I am sceptical of romanticised forest bathing amongst shotgun cartridges, non-indigenous conifers and defaced trees. All the same, the woodpecker drumming through the woodland is an awe experience I won't forget for a while.
Monachopsis
Noun. The subtle but persistent feeling of being out of place, as maladapted to your surroundings as a seal on a beach.
I came across this term reading Losing Eden. A lot of my work fits the concept.
Interfacial and ambiguous spaces frequently produce a similar confusing feeling. It occurs when observing an artefact foreign to the surrounding environment therefore lacking context.
The muddle of human and natural agency that is often present within interstitial wilderness sites creates conceptual as well as physical confusion (Jorgensen and Tylecote, 2007, p. 445).
Examples taken from the above sketchbook scan: a metal post and chain on a woodland access road, a discarded orange bag in a patch of dead ferns, and a drain pipe obstructing a woodland view. All are examples of juxtaposed artificial artefacts against a natural surrounding.
The opposite can also occur by observing nature within an urban environment. For example, the Buddleja growing in the cracks of a brick wall and pavement found at the side of a car park.
Plastic is often a source of monachopsis. I have found plastic bags, chairs, and tents in interfacial spaces.

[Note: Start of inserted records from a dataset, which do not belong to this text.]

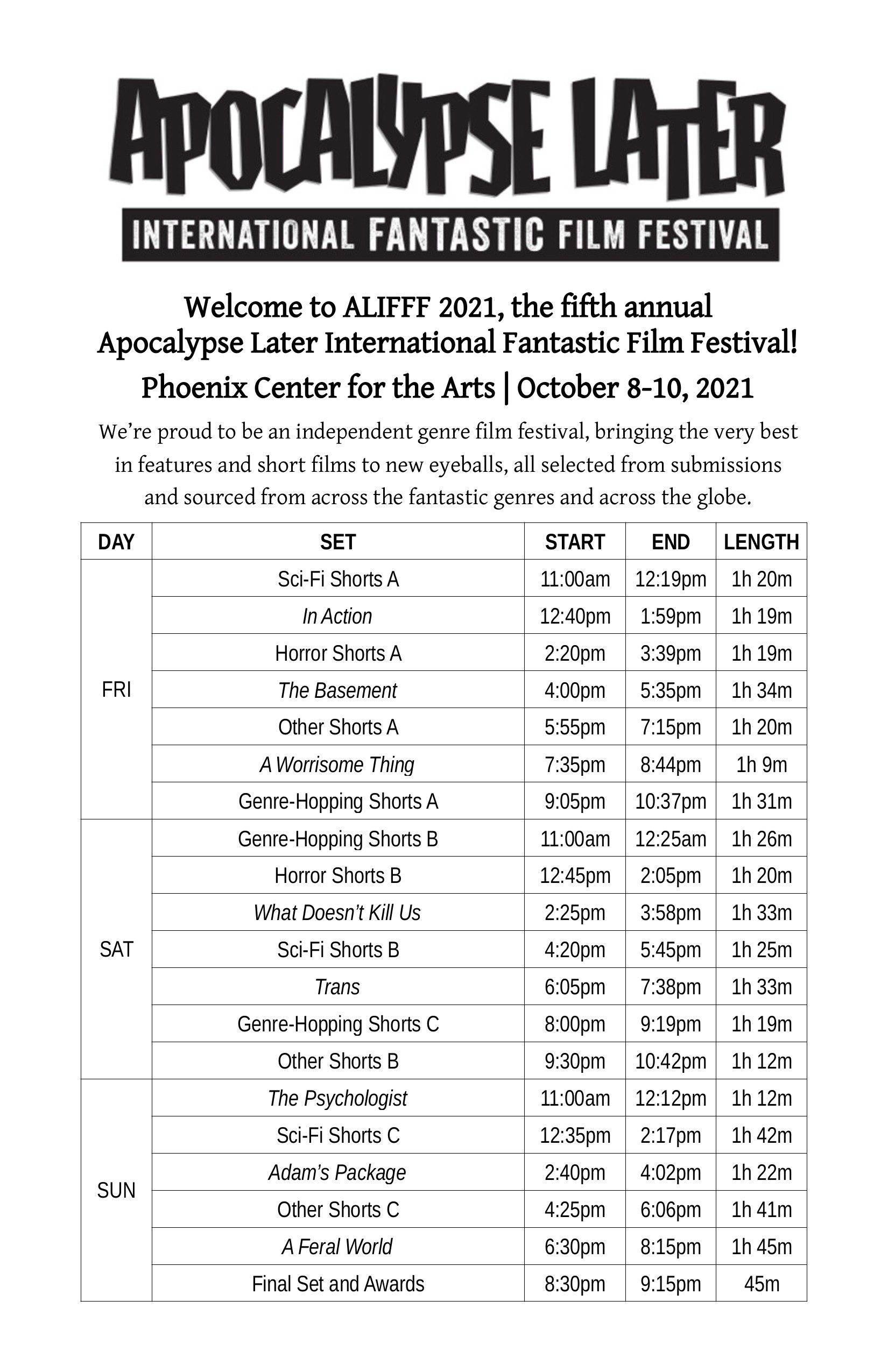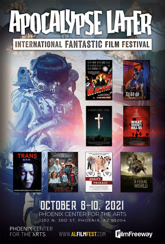 This is an archive page. For the current year's festival, please visit our main page. The fifth annual Apocalypse Later International Fantastic Film Festival (ALIFFF 2021) was held in the 3rd Street Theater at the Phoenix Center for the Arts from Friday 8th to Sunday 10th October, 2021. Graphics | Overview | Publications | Schedule | Awards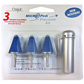 Quickly remove calluses at home with the salon-quality Emjoi Micro-Pedi Precision Accessory Kit Now you can use your Emjoi Micro-Pedi to remove calluses and corns in hard-to-reach areas, like between and under your toes. Place one of the three cone tools in the roller of the Micro-Pedi. Battery-powered rotation action spins the cone tool at 1800 RPM, helping eliminate the effort required to remove calluses and corns for salon-quality foot care at home.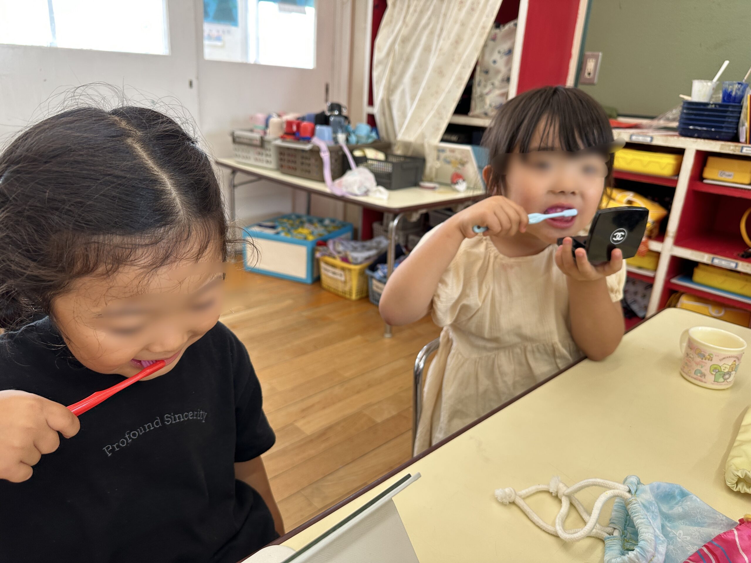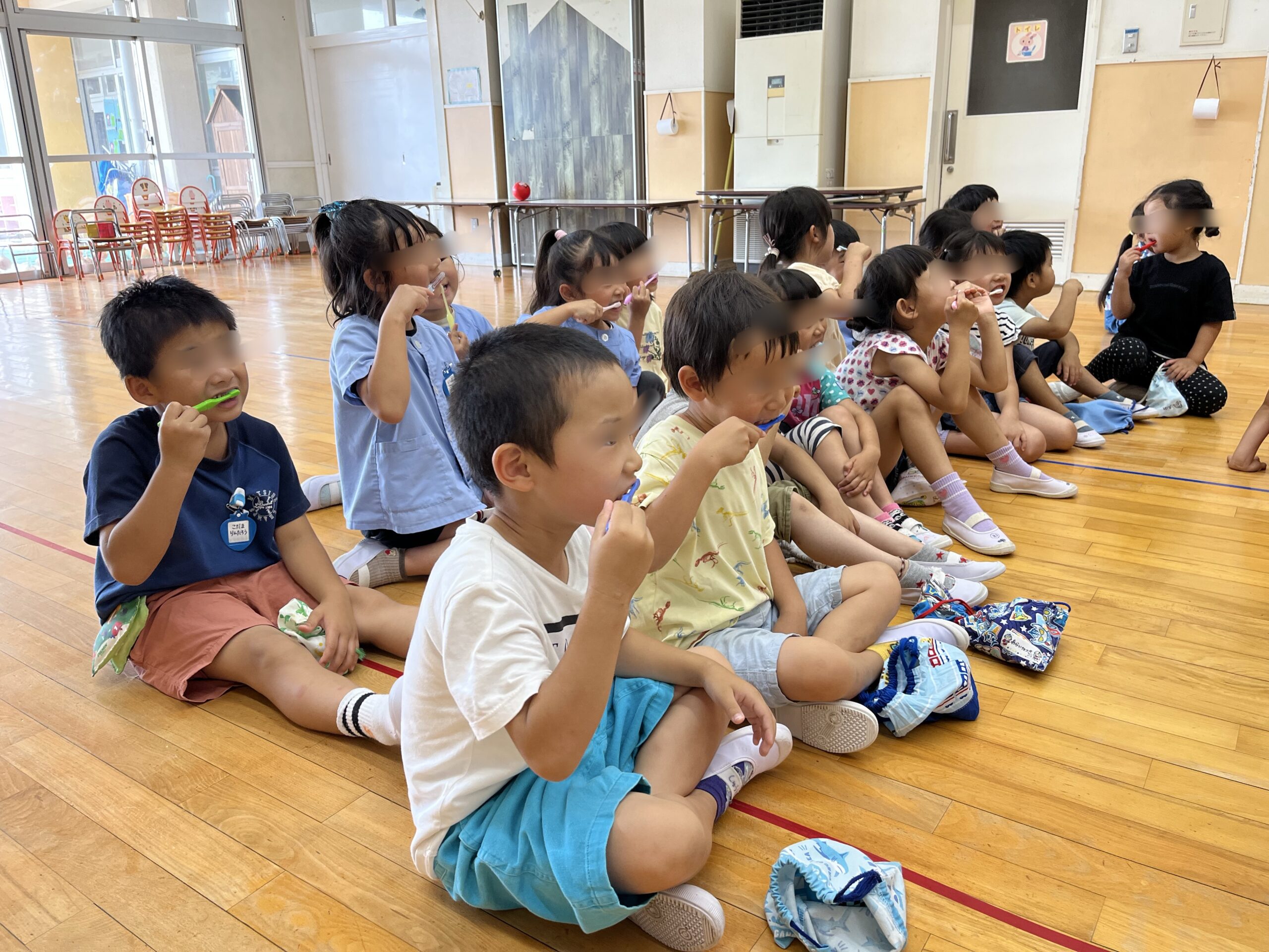 年中・年少組は手で、年長は歯ブラシで磨いてみました!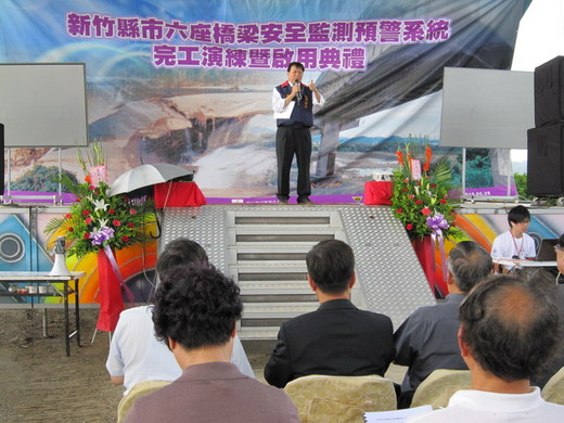 邱縣長表示,感謝中央大學利用科技的力量,為民眾監測新竹縣市六座橋樑的安全性,更感謝宣理事長、科學工業園區管理局及各廠家出錢出力,相信在這麼多貴人的資助下,「人定勝天」,民眾的生命財產將更有保障。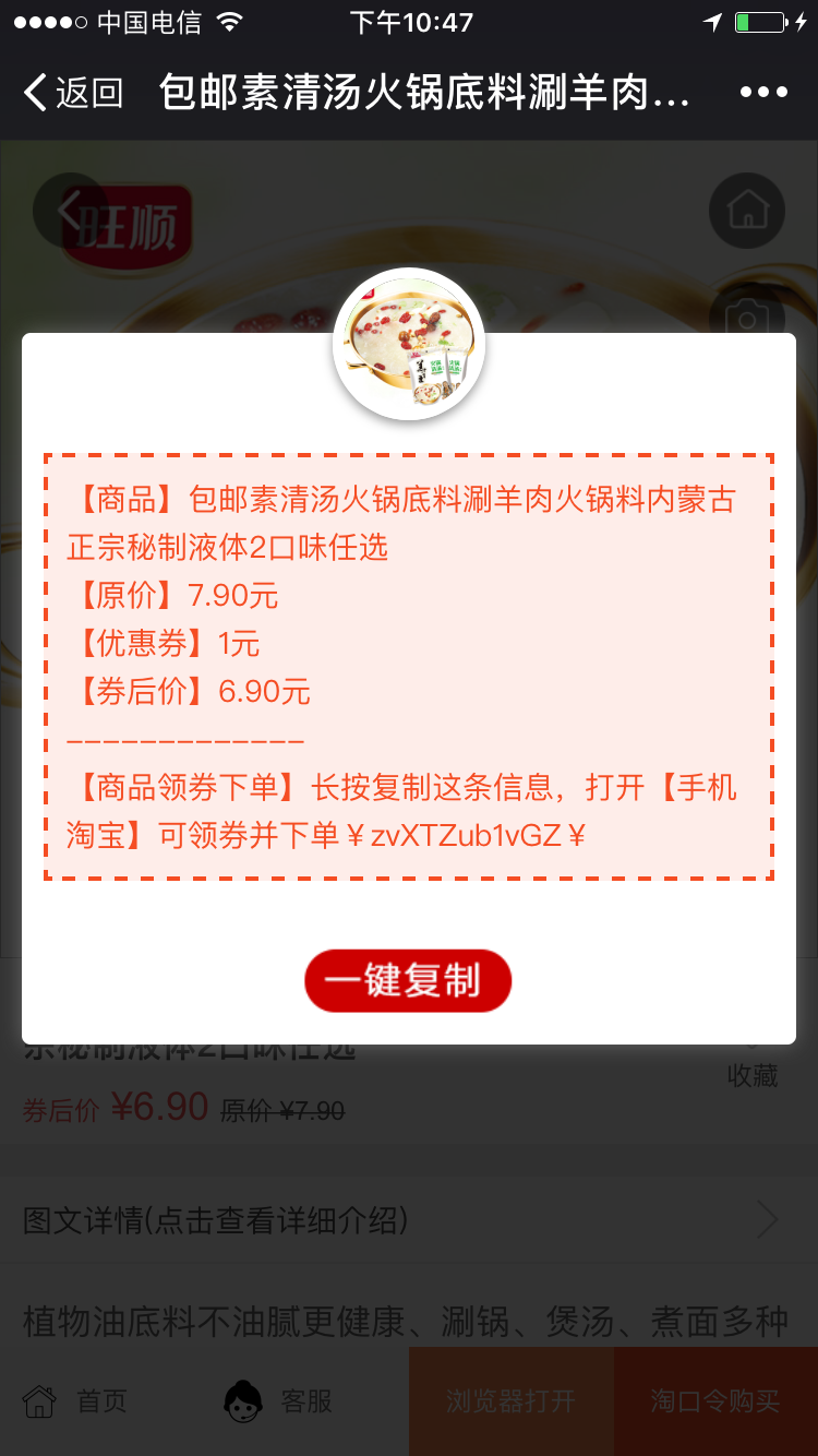 点击“淘口令购买”可以一键复制,方便快捷,直接打开手机淘宝就可以下单购买,浏览器打开方式也非常便捷。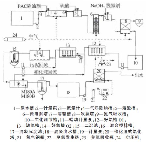 目前,國內外研究工作多集中于生物強化法及開發高級氧化技術處理常規焦化廢水,關于蘭炭廢水的文獻報道相對較少。筆者采用具有自主知識產權的除油—微電解—吹氨—高效菌種生化技術—混凝沉淀及催化氧化等聯合工藝處理蘭炭廢水,出水水質可達到《煉焦化學工業污染物排放標準》(GB 16171—2012)中的現有企業直接排放標準要求。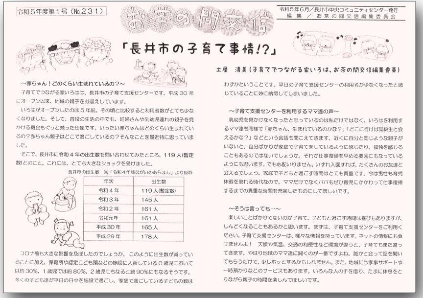 ☆お茶の間交信 令和5年度 第1号(No.231)を発行しました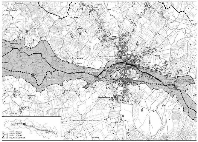 En Galicia, las normas subsidiarias de planeamiento provincial aprobadas en 1991 establecían un ámbito de protección de 100 metros a cada lado del Camino. Tiempo después, en 1996, la Ley de Protección de los Caminos fijaba al igual que en otras regiones las franjas de protección del Camino (3 metros) y del contorno (30 metros), además de un régimen sancionador y una normativa genérica mientras no se implementaba un Plan Especial regional que, según la disposición adicional de esta Ley, debía aprobarse en el plazo de dos años (Xunta de Galicia, 1996). En 2011 eran las Directrices de Ordenación del Territorio las que fijaban la necesidad de aprobar un Plan Especial para el Camino (Xunta de Galicia, 2011), y finalmente, la nueva Ley de Patrimonio Cultural de Galicia de 2016, establecía un nuevo plazo de dos años para aprobar un Plan Territorial Integrado de los Caminos de Santiago (Xunta de Galicia, 2016). En resumen, el tiempo ha ido pasando desde 1996 y a pesar de la obligatoriedad de desarrollar este Plan han transcurrido ya 20 años sin que se haya aprobado. Curiosamente, el mismo largo espacio temporal que media entre la delimitación provisional, en 1992, y la delimitación definitiva de los Caminos de Santiago en Galicia en 2012.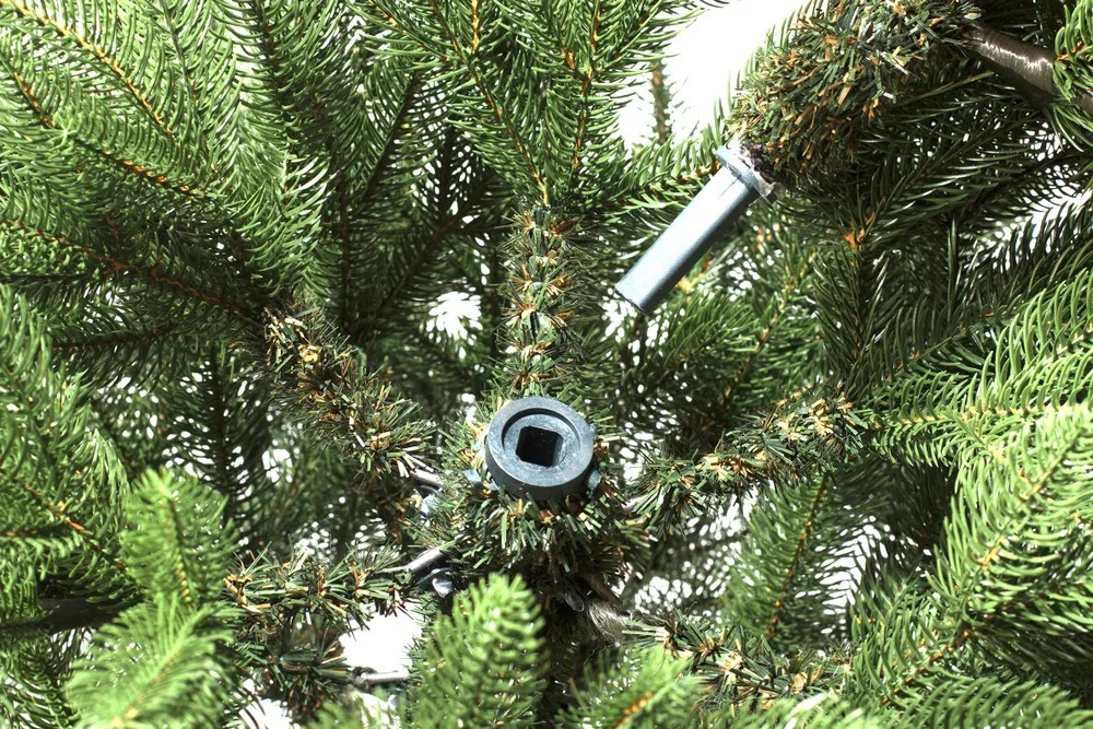 Конструкция елки ствольная, что делает ее устойчивой и надежной. Металлическая подставка обеспечивает дополнительную прочность и безопасность.
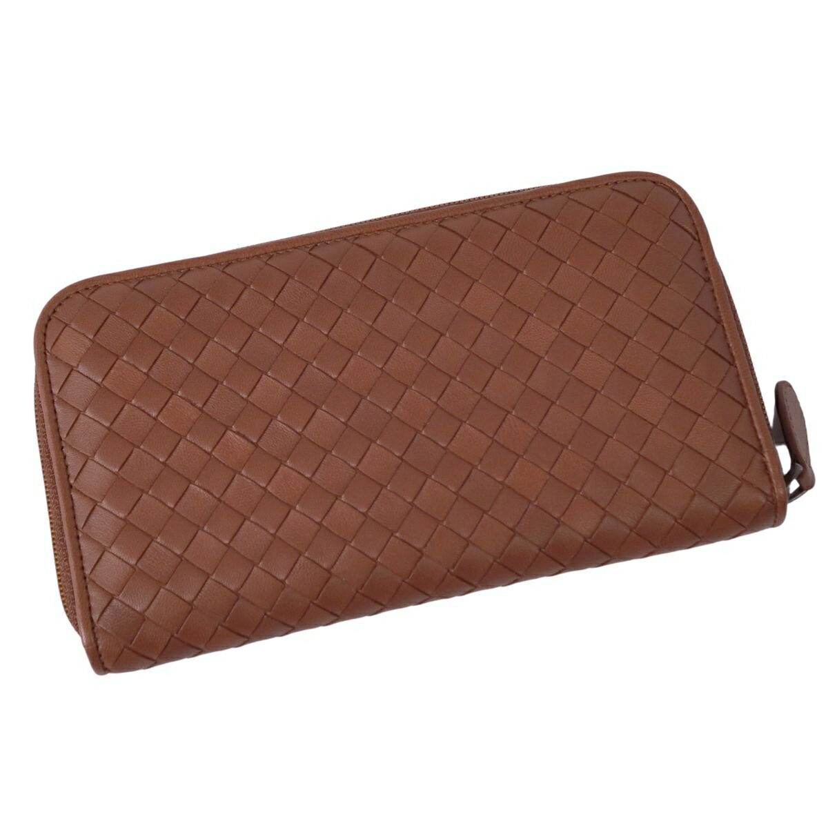 ボッテガヴェネタ BOTTEGA VENETA 財布 長財布 ロングウォレット イントレチャート レザー メンズ レディース イタリア製 ブラウン サイズ-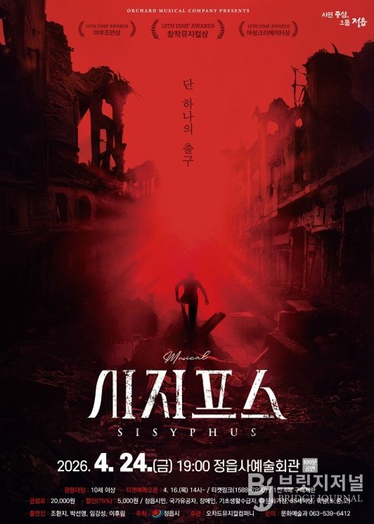 브릿지저널 윤나영 기자 | 정읍시가 시민들에게 수준 높은 문화 향유 기회를 제공하기 위해, 오는 24일 오후 7시 정읍사예술회관에서 창작 음악극(뮤지컬) ‘시지프스’를 무대에 올린다.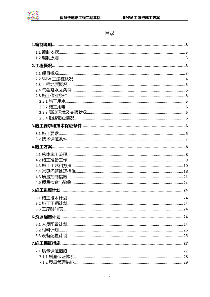 智慧快速路工程SMW工法桩施工方案(2021年).doc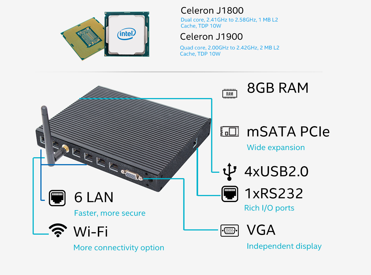 Developed around low power Bay Trail Platform Celeron J1900 and Celeron J1800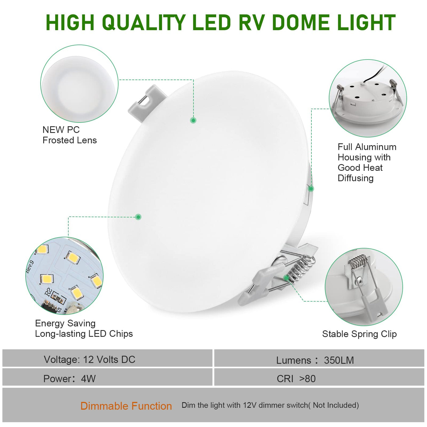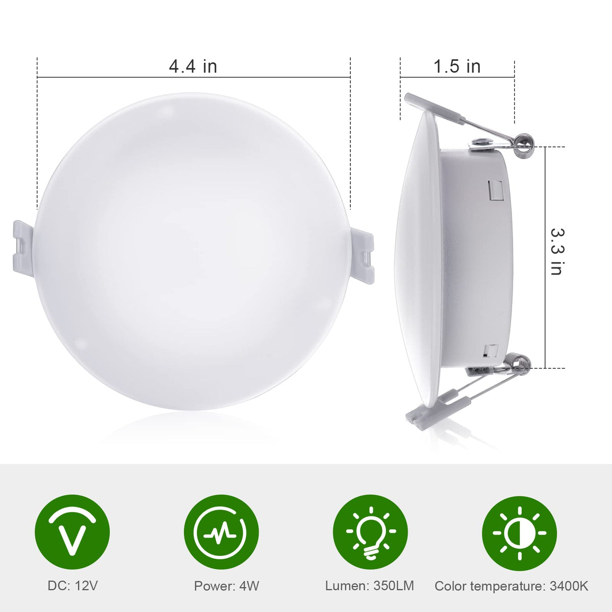 Kicored Led Rv Recessed Ceiling Light 4.5Inch Dc12V Cabinet Light Interior Lighting For Rv Motorhome Camper Caravan Trailer Boat, Warm White Kicored (1)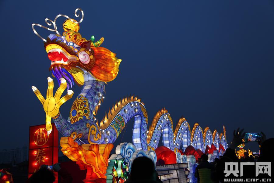 一條燈光組成的秦龍在古城墻熠熠生輝(央廣網(wǎng)記者 雷愷 攝) -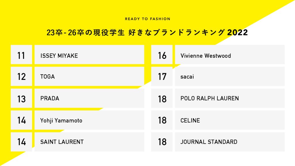 TOP10入りを逃したものの、「ISSEY MIYAKE(イッセイ ミヤケ)」「TOGA(トーガ)」「Yohji Yamamoto(ヨウジヤマモト)」「sacai(サカイ)」などの国内発デザイナーズブランドが目立つ結果となりました。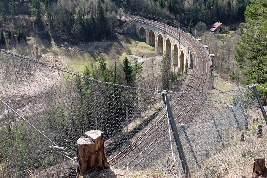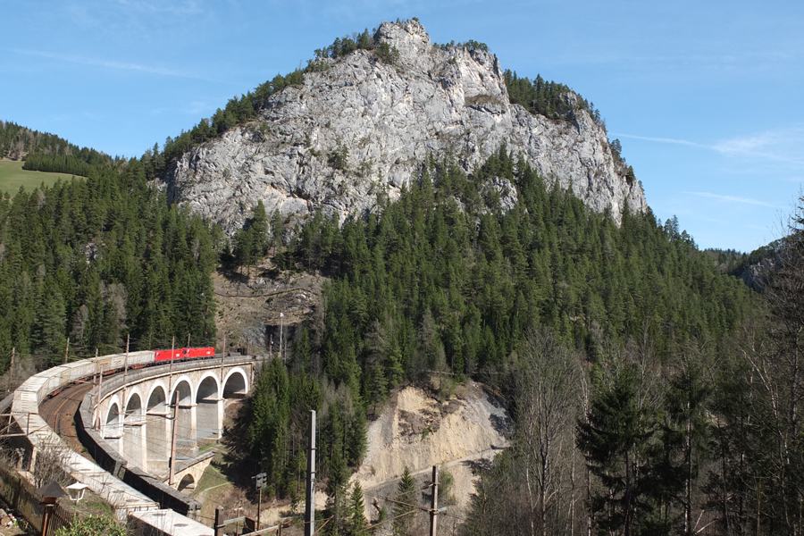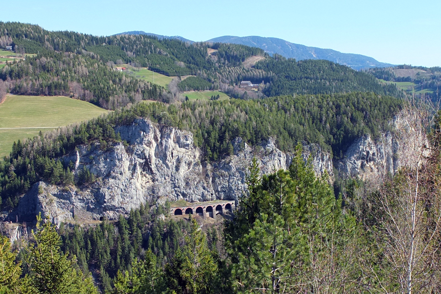 Wolfsbergkogel mit seinem berühmten 20-Schilling-Blick auf die Felsen der Pollereswand und die Südbahntrasse, die hier (v.r.n.l.) zunächst durch den nur 14 Meter langen Krausel-Tunnel, dann über das 87 Meter lange und 34 Meter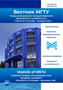 ISSN 1560-9278 elSSN 1997-4736 Вестник МГТУ ТРУДЫ МУРМАНСКОГО ГОСУДАРСТВЕННОГО ТЕХНИЧЕСКОГО УНИВЕРСИТЕТА ТОМ 24, № 4 (октябрь - декабрь), 2021 г. ЭЛЕКТРОТЕХНИКА ТЕХНОЛОГИЯ ПРОДОВОЛЬСТВЕННЫХ ПРОДУКТОВ ELEC TR ICAL ENGINEERING Vestnik of MSTU TECHNOLOGY o f FOOD PRODUCTS SCIENTIFIC JOURNAL OF MURMANSK STATE TECHNICAL UNIVERSITY VOLUME 24, N 4 (October - December), 2021

Strange pieces of debris of twentieth-century capitalism seem to have some of the capacity to inspire awe as the left-over artefacts of other ages – like Stonehenge. Like such ancient relics, the relics of our own age now stand outside the humdrum landscape of everyday life (Shoard, 2000, 84).
When I read Shoard’s description of twentieth-century capitalist relics, I always think back to this image I took of a burnt-out car in a field of corn. Reflecting on the concept of monachopsis for this newsletter, I decided to put the image to use. I found the digital file. Printed it for the first time. Pressed it in my sketchbook. The image is fourteen years old! Playing into the contextualization of the relic of our own age. Inadvertently I have realized I have come full circle returning to capturing scenes like these that interest me.
Bibliography
Jorgensen, A. and Tylecote, M. (2007) Ambivalent landscapes—wilderness in the urban interstices, Landscape Research, 32(4), pp. 443–462.